As in this erection, and in all this self-denying labour, you have had immediate and constant reference to the spiritual and eternal welfare of your children, shall I conclude without pointing out to them their privileges and their obligations?

Children of this church! is it not your privilege and your duty, to carry out and sustain the purposes of your fathers? You love them; will you not love what was dear to them as life itself? You honour them; will you not honour that which is the fruit of their labour, energy and sacrifice? You delight in their happiness; if living, what can give them greater happiness than to see you following in their footsteps, as far as they are followers of Christ, and rallying round that church in which is garnered their affections and their hopes; and if ascended on high, what tidings from the earth could be so welcome to them as the joyful news, that, their children, whom they had left as orphans in a dangerous and sinful world, had found a safe and peaceful asylum in the bosom of their church?

Alexander gloried in pushing his father's victories to the ends of the earth. Hannibal, that it might exalt the glory of his father, with incomparable toil, pressed his way to the very gates of Rome. It is the glory of a child to perpetuate and emblazon the honor of his parents. And shall the children of this church, who were born within her; who were carried by their parents, and placed within her arms, in tender infancy; that they might receive her holiest blessing, and who have grown up under her watchful care, feel no solicitude for her increase, prosperity and advancement? Oh for the sanctified spirit of Alexander and of Hannibal, in you who boast as your parents, those who were devoted in life, interest and affection to the welfare of this church. Would that we could see you, like another Æneas* or another Appius, bearing on your shoulders, and carrying forward, by your devotion, that which constituted their life and happiness. To you, children of the church, have your fathers entrusted the guardianship, the perpetuity, the stability of this Zion. Yours is the honored task of fulfilling their desires, and carrying forward to full accomplishment their purposes. This is your spiritual home. Here did you first listen to the sound of salvation, and feel the sweet power of devotion. Here were your infant feet planted on the way that leads to immortality and glory. Here were you consecrated to the service of the God of Heaven; of Christ, the Saviour of men; of the Spirit, the sanctifier and comforter; and to the future service of this church, which is the temple of their worship and praise. The recollections and the impressions of your childhood you can *Virgil, i. 2. 707. 5-VOL. V.

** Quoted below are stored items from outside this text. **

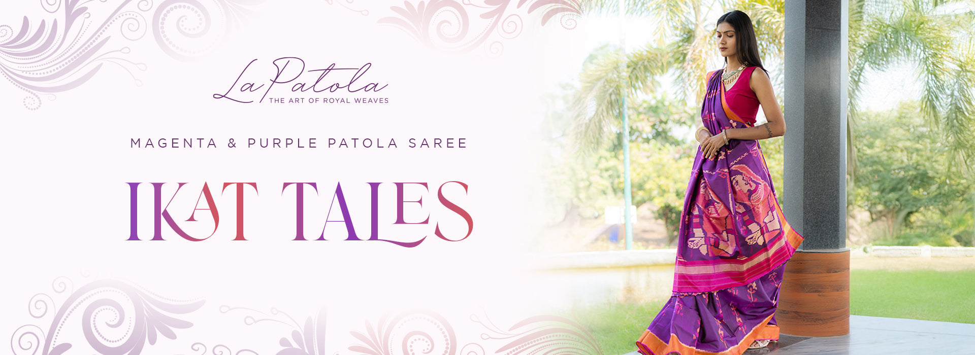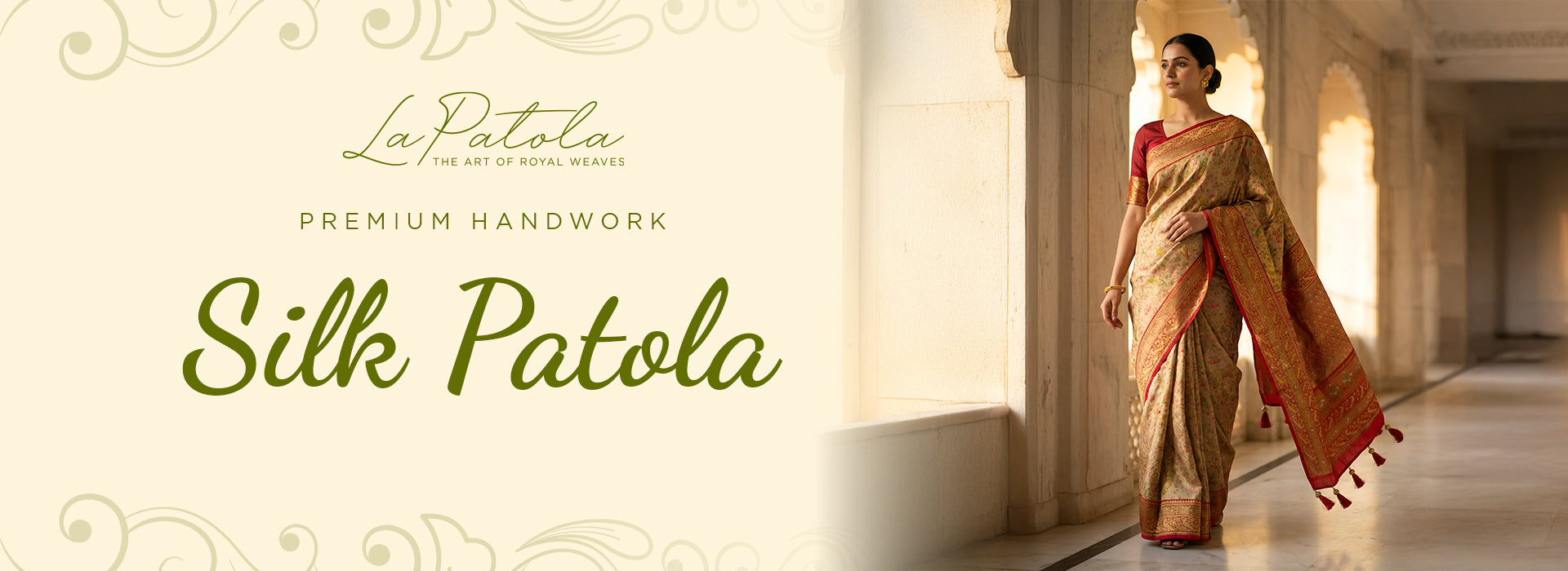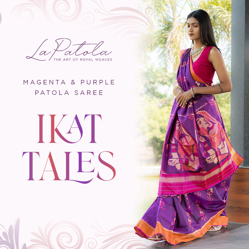 Cream and Pink Heritage Patola Silk Saree - Cream (soft ivory) base with pink accents
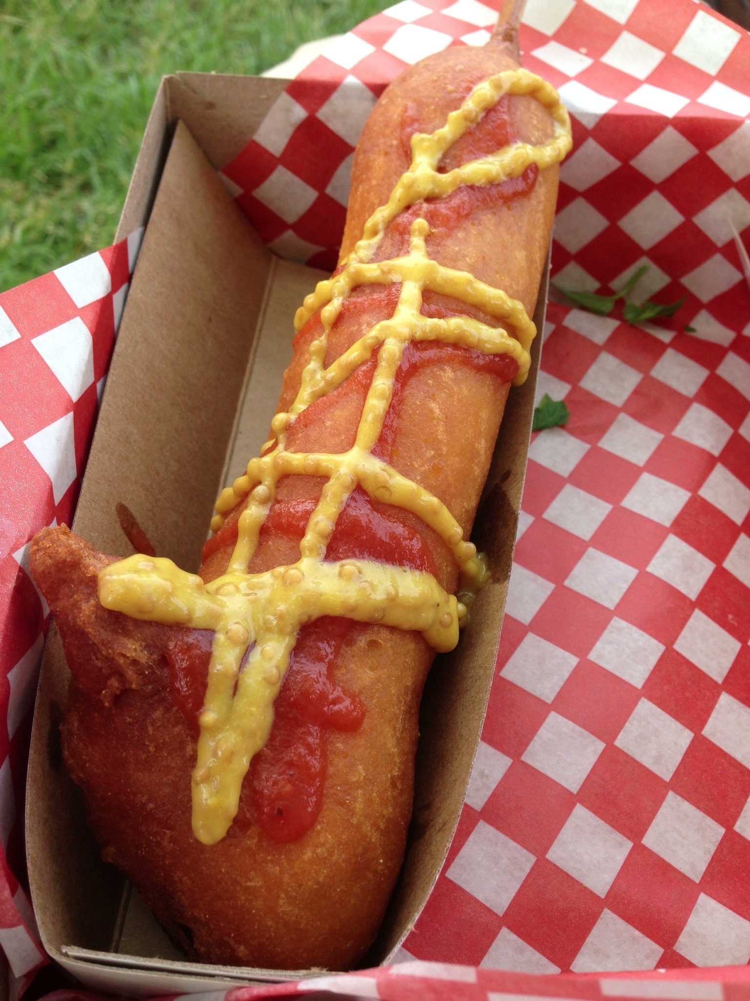 On this day, the truck was offering a homemade corn dog, a ‘Wu Dog”, black bean salsa, house fries, bottled water and a Lemon Thyme soda. While there was some temptation to try everything, I held off and decided to stick to the two dogs for this particular visit. If the dogs held up, then I would be back at some point to try the side-dishes.
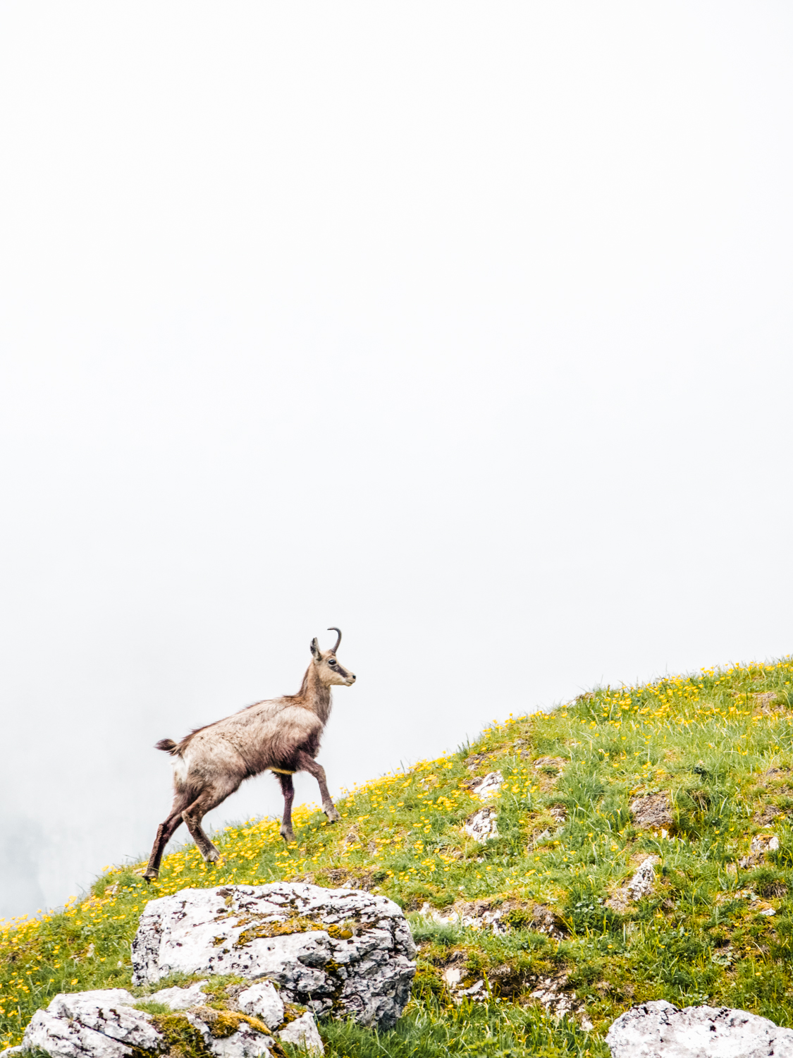 Chamois sur son lit d’herbe et de fleurs. Le mauvais temps permet de mettre en valeur la grâce de cet animal sauvage et montagnard.
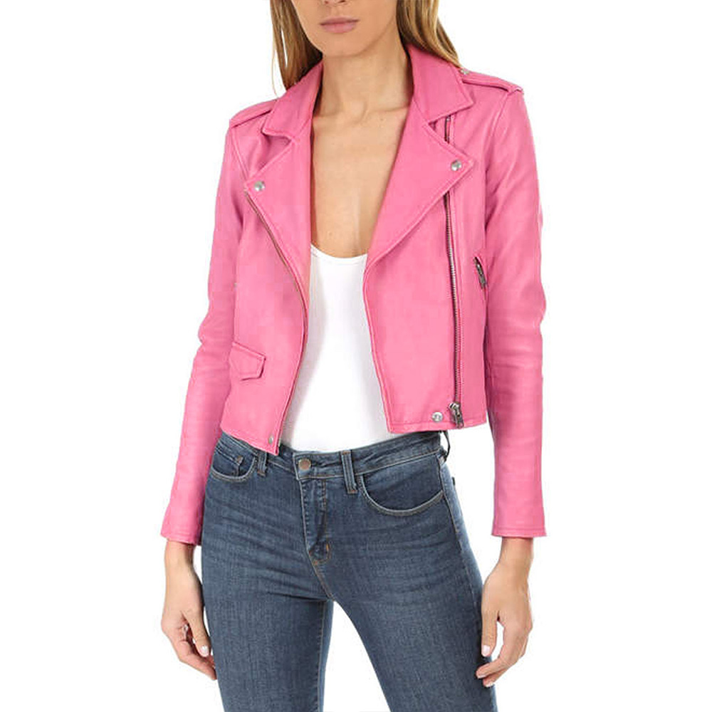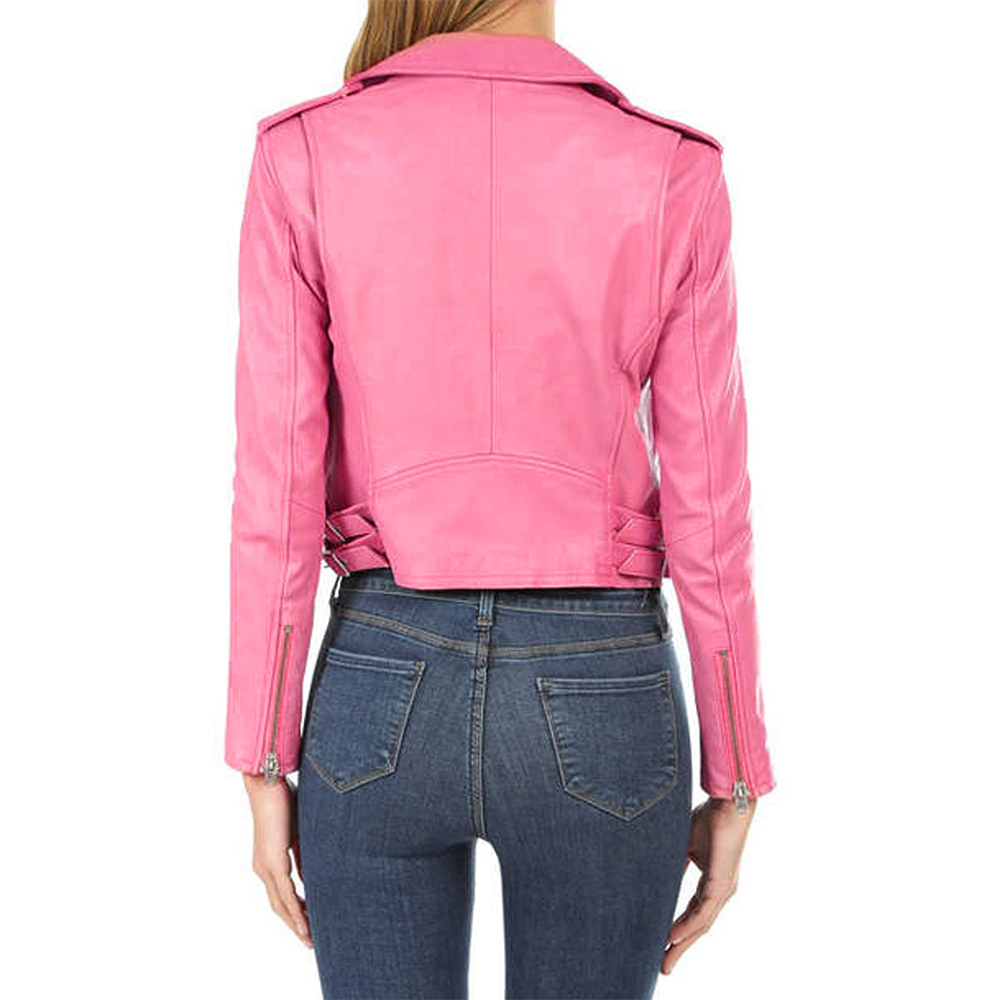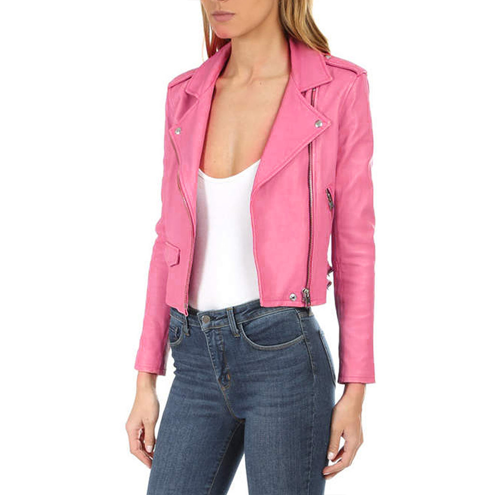 Embrace the allure of the Jen Short Pink Leather jacket, meticulously crafted with high-quality genuine leather. Its majestic pink color brings forth an innovative and attractive aesthetic. Sporting a lapel style collar and branded YKK zipper front closure, this Life in Pieces Zoe Lister-Jones Pink Leather jacket seamlessly blends style and functionality. The viscose inner lining ensures warmth and relaxation. With long sleeves adorned with open hem cuffs, a comfortable and sophisticated fit is guaranteed. The Jen Short Pink Leather jacket boasts two inner and two side pockets, providing ample storage options. Experience comfort and desirability with its fine quality stitching, making it the perfect choice for parties.

never obliterate, and they bind you to this house of God with strong and inseparable ties. Much of your happiness is centered here. Cherish that home-feeling of remembrance and attachment for the scenes, where the morning of your days, and life's early boyhood, were so happily passed; it is a goodly feeling of our nature, and may, as in this case, be made assistant to the highest virtue. This church is not only the home of your infancy; not only the vista where scenes of heaven were first opened to your view; not only the Pisgah-mount from whence your fathers caught glimpses of the promised land, and from which they entered into rest-it is their mansoleum. They are here, or will be here, gathered to their fathers. Around this building, reposing in their dreamless beds, they will await in silence the sound of the archangel's trump. Their names will be seen sculptured on these walls, or upon those stones which protect them from the rudely passing tread of the stranger, to whom their virtues and their merits were unknown. When they are gone from you, and you can hear no more their voice of affection, and no more press, in the kiss of love, their lips of kindness, and receive no more their gifts of tenderness,-you will come here what time the moon sheds her soft melancholy radiance over the nightly scene, or while the shadows of eve's twilight hour dispose the heart to meditation, and you will muse upon the dead. And as the wind whispers in the trees without, or sounds through the hollow aisle, their form and memory will present themselves before you, and you will feel happy.

Recall then, Spirit of Grace, every wanderer, to this spiritual home! Fix here the fond attachment of every child of this church! Draw out towards THEE, and IT, their love and energy! Unite to Thee, and to the hope of their parents, their erring souls; and at the hour of resurrection, may every family, united and undivided arise to meet thee, as their reconciled God and everlasting portion.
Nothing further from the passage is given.